Let's start everything up and see if we are OK.

# Start all Hadoop services locally
$ bin/start-all.sh
startingnamenode, logging to /home/nishant/apps/hadoop-1.1.2/libexec/../logs/hadoop-nishant-namenode-marla.out
localhost: starting datanode, logging to /home/nishant/apps/hadoop-1.1.2/libexec/../logs/hadoop-nishant-datanode-marla.out
localhost: starting secondarynamenode, logging to /home/nishant/apps/hadoop-1.1.2/libexec/../logs/hadoop-nishant-secondarynamenode-marla.out
startingjobtracker, logging to /home/nishant/apps/hadoop-1.1.2/libexec/../logs/hadoop-nishant-jobtracker-marla.out
localhost: starting tasktracker, logging to /home/nishant/apps/hadoop-1.1.2/libexec/../logs/hadoop-nishant-tasktracker-marla.out

# Test if all services are running
hadoop1$ jps
11816 DataNode
12158 JobTracker
11506 NameNode
12486 Jps
12408 TaskTracker
12064 SecondaryNameNode

jps is a built-in tool provided by Oracle JDK. It lists all the Java processes running on the machine. The previous snippet shows that all the Hadoop processes are up. Let's execute an example and see if things are actually working.

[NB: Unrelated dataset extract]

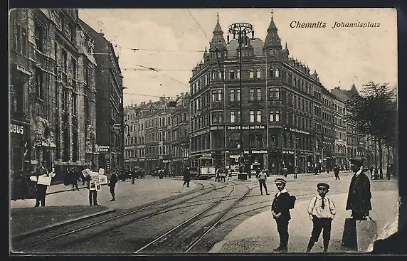 AK Chemnitz, Johannisplatz mit Strassenbahn
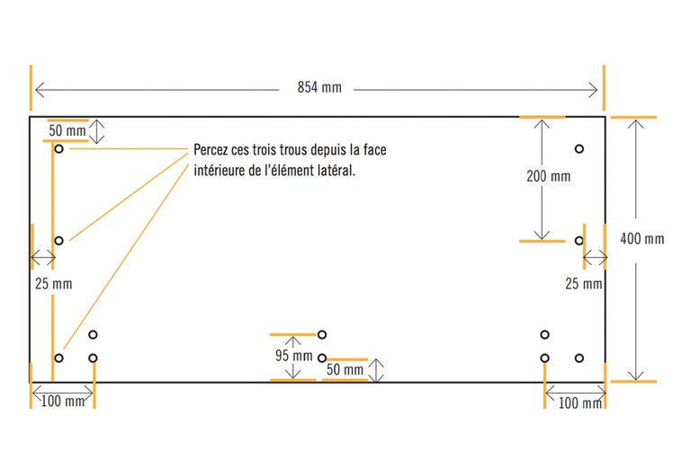 Pré-perce l’élément latéral gauche et l’élément latéral droit (panneaux en bois lamellé-collé 18x400x854 mm) conformément au schéma de perçage.

# Upload everything under conf directory to "in" directory in HDFS
$ bin/hadoop fs -put conf in

#View the contents (some columns and rows are omitted for brevity)
$ bin/hadoop fs -ls in
Found 16 items
-rw-r--r-- nishant supergroup  7457  /user/nishant/in/capacity-scheduler.xml
-rw-r--r-- nishant supergroup  535  /user/nishant/in/configuration.xsl
[-- snip --]
-rw-r--r-- nishant supergroup  243  /user/nishant/in/ssl-client.xml.example
-rw-r--r-- nishant supergroup  195  /user/nishant/in/ssl-server.xml.example
-rw-r--r-- nishant supergroup  382  /user/nishant/in/taskcontroller.cfg

All set, so it's time to execute an example to it. We will run an example that greps all the words that match the dfs[a-z.]+ regular expression across all the files under the in folder and returns the counts in a folder called out.

# Execute grep example
$ bin/hadoop jar hadoop-examples-*.jar grep in out 'dfs[a-z.]+'
13/07/20 23:36:01 INFO util.NativeCodeLoader: Loaded the native-hadoop library
13/07/20 23:36:01 WARN snappy.LoadSnappy: Snappy native library not loaded
13/07/20 23:36:01 INFO mapred.FileInputFormat: Total input paths to process : 16
13/07/20 23:36:02 INFO mapred.JobClient: Running job: job_201307202304_0001
13/07/20 23:36:03 INFO mapred.JobClient:  map 0% reduce 0%
13/07/20 23:36:12 INFO mapred.JobClient:  map 12% reduce 0%
[-- snip --]
13/07/20 23:36:41 INFO mapred.JobClient:  map 87% reduce 20%
13/07/20 23:36:45 INFO mapred.JobClient:  map 100% reduce 29%
13/07/20 23:36:52 INFO mapred.JobClient:  map 100% reduce 100%
13/07/20 23:36:53 INFO mapred.JobClient: Job complete: job_201307202304_0001
13/07/20 23:36:53 INFO mapred.JobClient: Counters: 30
[-- snip stats --]
13/07/20 23:37:12 INFO mapred.JobClient:     Reduce output records=3
13/07/20 23:37:12 INFO mapred.JobClient:     Map output records=3

# Result of the MapReduce execution
$ bin/hadoop fs -cat out/*
1  dfs.replication
1  dfs.server.namenode.
1  dfsadmin

Congratulations, you have just executed a job using MapReduce. It was a bit of a boring task. You could have executed the grep command on your Linux machine that runs much faster than this. But it gives a couple of important insights. One, that the configuration works, and the other is, it is not always the best thing to do everything using Hadoop; for some tasks it is better to use the tools that are best suited to them. We will see more on this when we discuss the cons of Hadoop later in this chapter.